I hesitate to write about sleep strategies and parenting choices because people have strong opinions about these things and I don't really want to stir the pot. My opinion about strong opinions is that every person/couple has to do what feels right to them for their family. Whether that means co-sleeping or an immediate sleeping schedule, it's a very personal choice.
The problem Noah and I seem to be having is we don't really know what feels right yet and we have these moments in the middle of the night where we go back and forth about what to do. Should we put Momo in the bed? Give her a few minutes to cry before jumping in? Pacify with a pacifier or repeat Dr. Harvey Karp's Five S's until one of us passes out? Is it true that you can't spoil a newborn or do babies learn behaviors from the get-go? The past few weeks have been a bit of trial and error. Sometimes Noah and I hit a home run outta the ballpark and we are very pleased with ourselves and our blissfully sleeping baby, and other times we strike out miserably and can clearly hear each other's frustrations, even though Momo is crying like mad.

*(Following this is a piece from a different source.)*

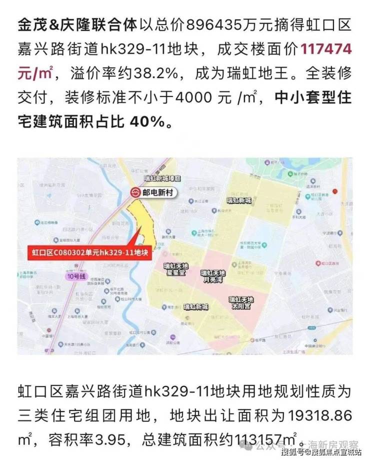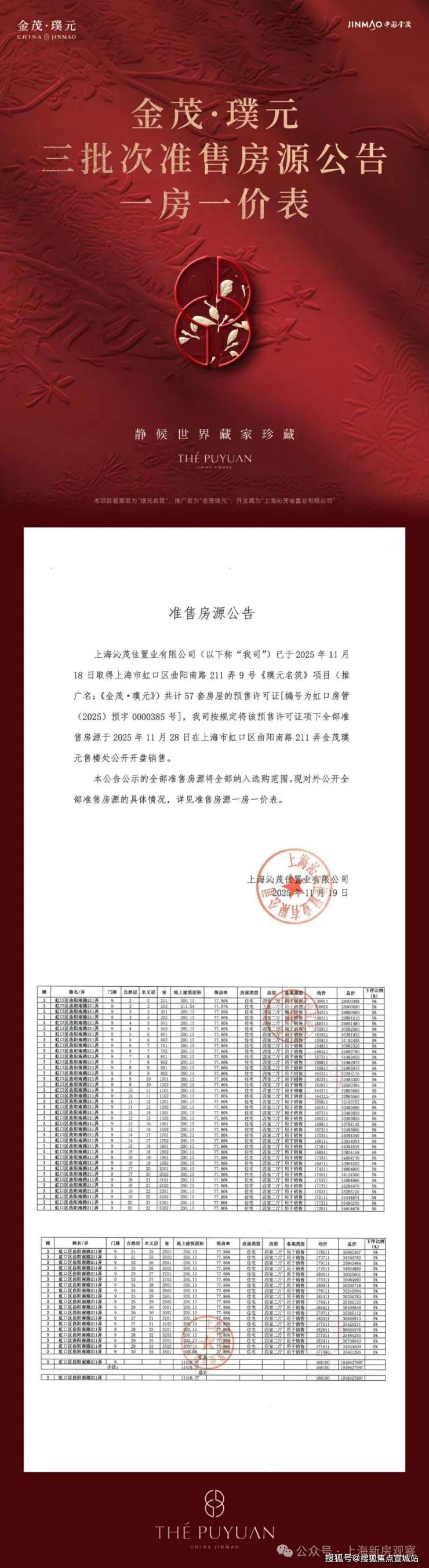 最新消息!上海2025年首个地王“瑞虹地王”金茂+庆隆瑞虹项目正式定名「金茂·璞元」首开售罄!三期建面约200㎡4房;均价16.81万/m²,总价2800-3670万!一梯一户,得房率82-85%,高隐私、空间感强;售楼处线上火热预约中!

These are all normal moments of early parenthood. Flipping the pages of various baby books, checking our Wonder Weeks app, trying to remind ourselves that Momo has only been a person for five weeks-- feeling the fluctuations of fear and anxiety and pride and mastery. What I'm trying to figure out is if there is an added element to these questions for people who are parenting after infertility, and specifically for people who are parenting children not genetically related.
I remember my friend Candace, who adopted a baby boy after years of infertility that included nine rounds of IVF and multiple pregnancy losses, saying that sometimes when her baby would cry in the middle of the night she wondered if he couldn't be comforted by her because he somehow knew that she wasn't his biological mother. That was the trauma of her years of infertility seeping into her psyche. All new babies cry. She knows that. And she is very much his mother. She knows that too. But the automatic thoughts some of us have can sometimes be a reminder of our alternative path to parenthood, and I'm starting to pay close attention to how the journey might impact my own parenting decisions.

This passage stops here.